Hitchcock and Wilder searched the town for the perfect house to match the one created in their script. The home owner was so proud to have his house chosen, he gave it a fresh new paint job. But that’s not what Hitchcock was looking for.
He got the owner to agree having the house painted again to look dirty! After shooting was done, Hitch made sure the house got yet another sparkling fresh coat of paint.
Hotel La Rose is seen in the film. A great looking historic hotel. Our friends who helped pass the nomination of the Homer Delawie home in Coronado to the National Register stayed here. A perfect choice!
The Empire Building in Old Courthouse Square is also in the film. It was built in the aftermath of the 1906 San Francisco earthquake and completed in 1910.
There’s a glimpse of the old Kress in the film. Shadow of a Doubt was Alfred Hitchcock’s first full American production.
It sat vacant for years and it took dedicated effort by the community to save this 1937 Art Moderne jewel. It underwent a structural and architectural rehabilitation with a complete restoration of the exterior facade. Originally Rosenberg’s Department store, it is occupied today by Barnes and Nobel and Starbucks. Local businesses occupy the upper floors.
Another example of historic rehabilitation and restoration playing a key role in the revitalization of a downtown area.
Much of what was seen in Alfred Hitchcock’s Shadow of a Doubt no longer exists. But through some luck and preservation efforts, a sample of that time does remain.
The Texaco stations were the creation of renown industrial designer Walter Dorwin Teague. His work is some of the most iconic of the twentieth century.
I am particularly interested in the sign. It seems to me an earlier version of what became their best known sign, as seen in the toy above. This particular style I’ve only seen once or twice in various Google searches.
I believe the sign to be very rare, and I hope the folks in Healdsburg can at least save the sign, if not the station itself.
Restored historic gas stations ad color and interest to the fabric of our urban landscape. We learn about the changing look of industrial or commercial design over the decades. It points to the rise and dominance of the automobile in our culture. The need for speed and convenience. These are just a few examples of the teaching that historic buildings provide.

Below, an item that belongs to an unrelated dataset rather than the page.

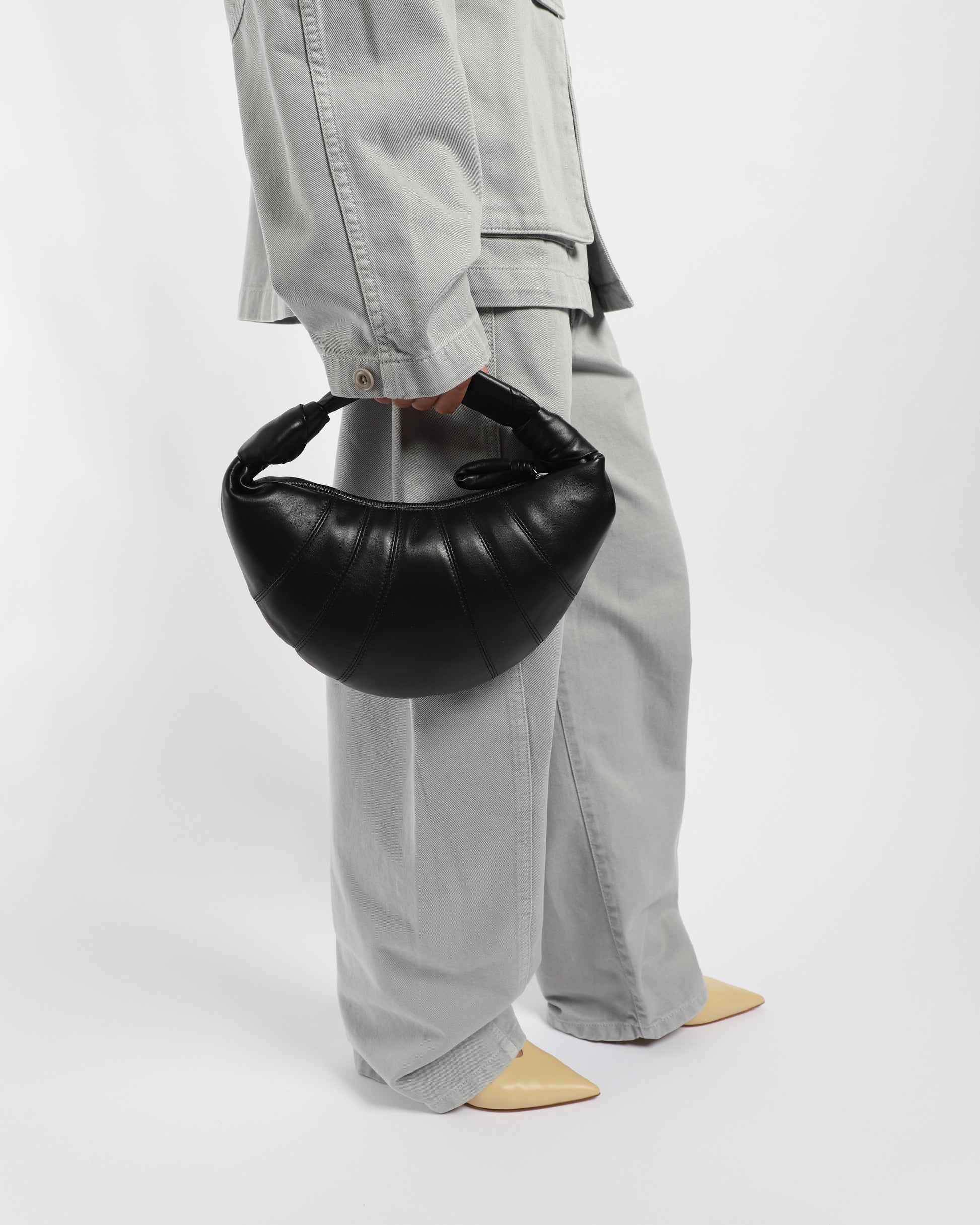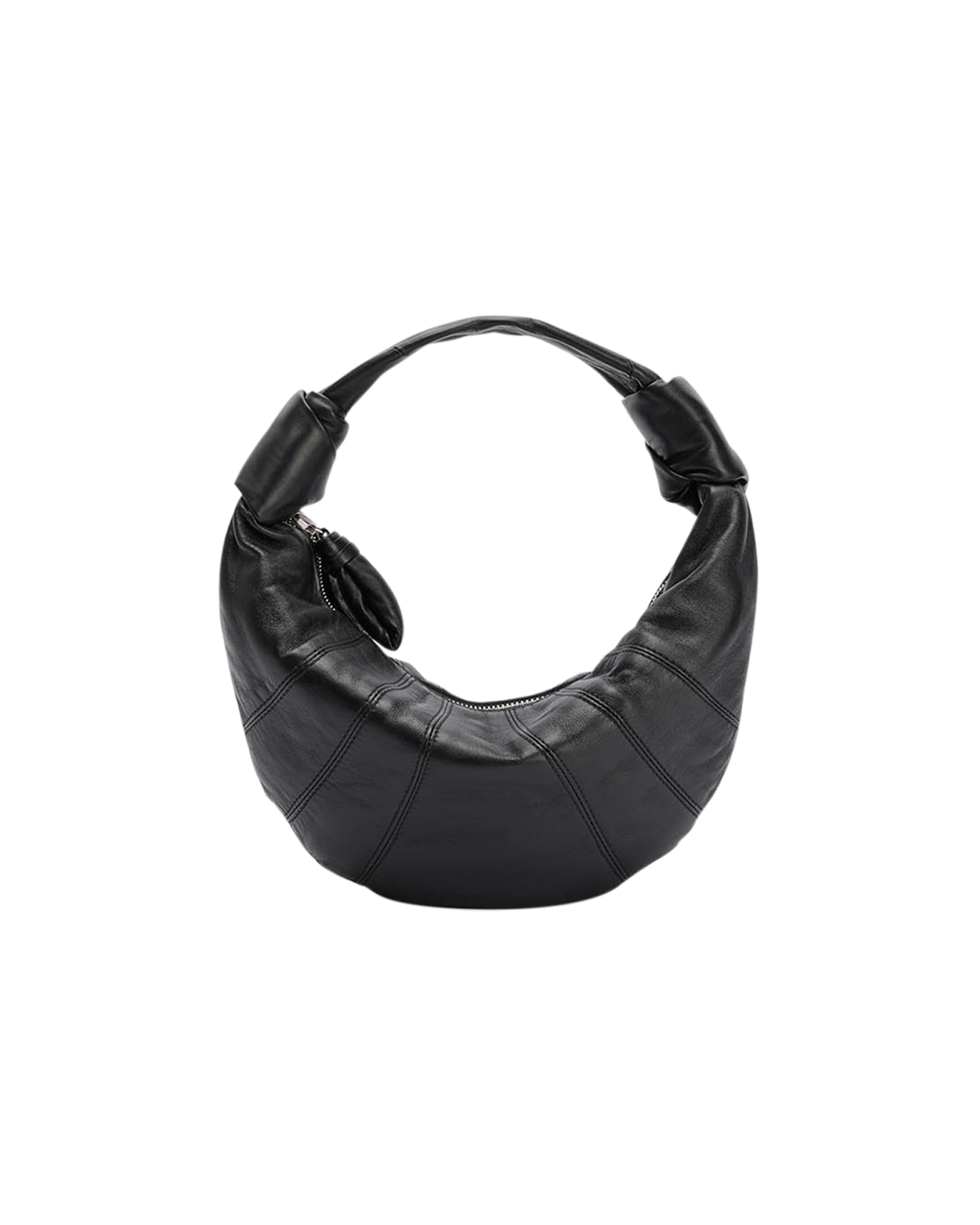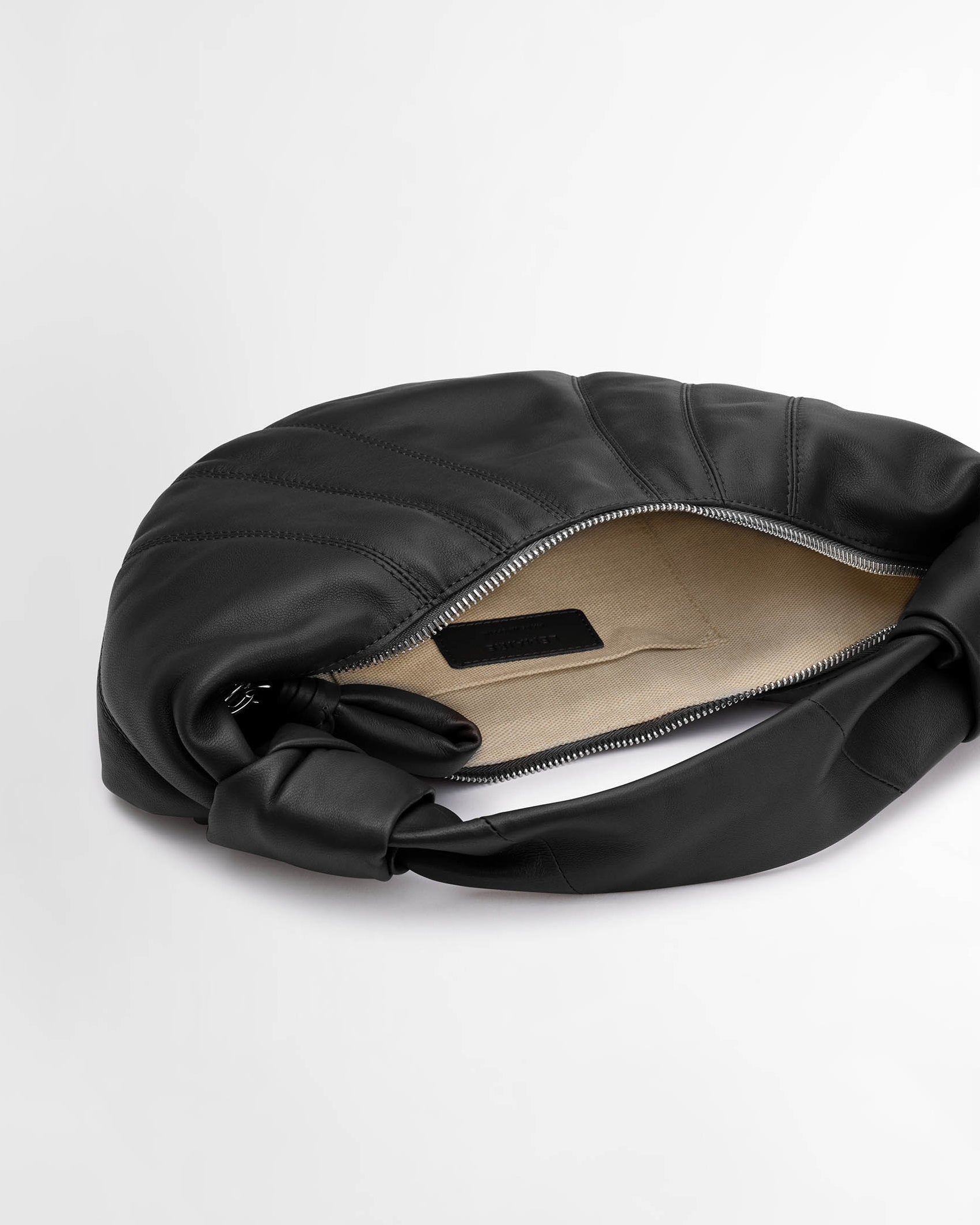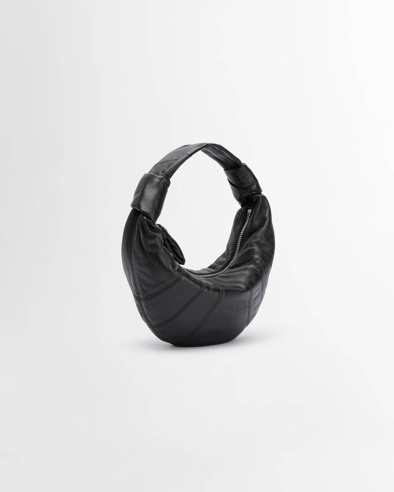 This bag is a new size added to the Fortune Croissant family. It is made in soft nappa leather that is both supple and resistant, giving the bag a delicately smooth hand. It has a shorter strap which allows it to be carried by hand, and is an ideal capacity for common essentials. Its folded crescent design is achieved through an assembly of topstitched cut-outs. Made in Spain.

Adaptive Reuse. SIGNAL STATION PIZZA Located at the historic gas station in St. Johns 8302 North Lombard Street (At North Charleston Avenue) Portland, Oregon
Adaptive Reuse. Packard’s in Ramona, is a popular coffee house.
San Diego Historical Resources Board Designation. Johnson’s Wilshire Gas Station 4689 Market Street, San Diego. The resource embodies the distinctive characteristics and character defining features of Googie architecture and retains a good level of architectural integrity from its 1962 period of significance.
The Appeal of Historic Design Features. This Gilmore Gas Station at the Fairfax Farmers Market in Los Angeles helps make this destination popular to locals and tourists alike.
Keeping Community Character. Mike Burnett (jumping) and Craig Abenilla (kneeling) own the Golden Hill architecture firm, Foun-dationForForm. Their plans to develop the site at 811 25th Street appears to utilize the mid century gas station at the site rather than demolish it. Kudos to you gentlemen!
It was a Texaco station with characteristic mid century design elements. Not nearly as old as Santa Rosa’s, but it is good news it won’t disappear. And we look forward to it it looking great, if not better than ever one day.
It should be illegal to paint over natural rock! Midcentury design elements at play here. A thick rock sign blade with circular cut out. Post and beam. Clerestory windows, Board and batton wall effect.
The former Texaco Station at University and First is a vintage Walter Dorwin Teague era building. It would be wonderful to see great things happen to this resource as we’ve seen in other cases.